Health Canada approves Celltrion’s Steqeyma®, a biosimilar to Stelara® (ustekinumab) for the treatment of multiple chronic inflammatory conditions
- Steqeyma® (CT-P43), is now approved in Canada for adult patients with plaque psoriasis as well as adults with active psoriatic arthritis and Crohn’s disease1
- The approval of Steqeyma reinforces Celltrion’s commitment to high-quality, affordable biologic therapies for people living with chronic diseases
- Steqeyma adds to Celltrion Healthcare Canada's biosimilar portfolio, which includes Yuflyma® and Remsima SC®, rounding out a comprehensive offering in the immunology space
TORONTO--(BUSINESS WIRE)--Celltrion Healthcare Canada Limited today announced that Health Canada has approved Steqeyma® (ustekinumab injection) and Steqeyma® I.V. (ustekinumab for injection, solution for intravenous infusion) for the treatment of moderately to severely active Crohn’s disease in adults, moderate to severe plaque psoriasis in adult patients, and active psoriatic arthritis.1
“This approval of Steqeyma reflects our strong commitment to increasing patient access to affordable, high-quality biologic medicines.”
“We are delighted about the addition of Steqeyma to our pipeline, further strengthening our presence in immunology,” said Jungyong Shin, Managing Director at Celltrion Healthcare Canada. “This approval of Steqeyma reflects our strong commitment to increasing patient access to affordable, high-quality biologic medicines.”

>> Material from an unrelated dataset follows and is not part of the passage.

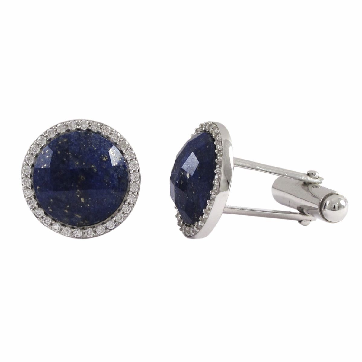 Lapis Semi Precious Faceted Stone With CZ Border, Rhodium Plated Sterling Silver, 15Mm Round Cufflin

The approval was based on the totality of evidence, including the results from a Phase III study in which the primary endpoint was the rate of change in the Psoriasis Area and Severity Index (PASI) for skin symptoms. The efficacy results were comparable between the treatment groups up to Week 52 in patients with moderate-to-severe plaque psoriasis. Half of the patients originally receiving the reference product, Stelara, switched to Steqeyma at Week 16, demonstrated comparable efficacy and safety to those who remained on the reference product. Steqeyma was well-tolerated and comparable to the reference product ustekinumab with no notable safety issue.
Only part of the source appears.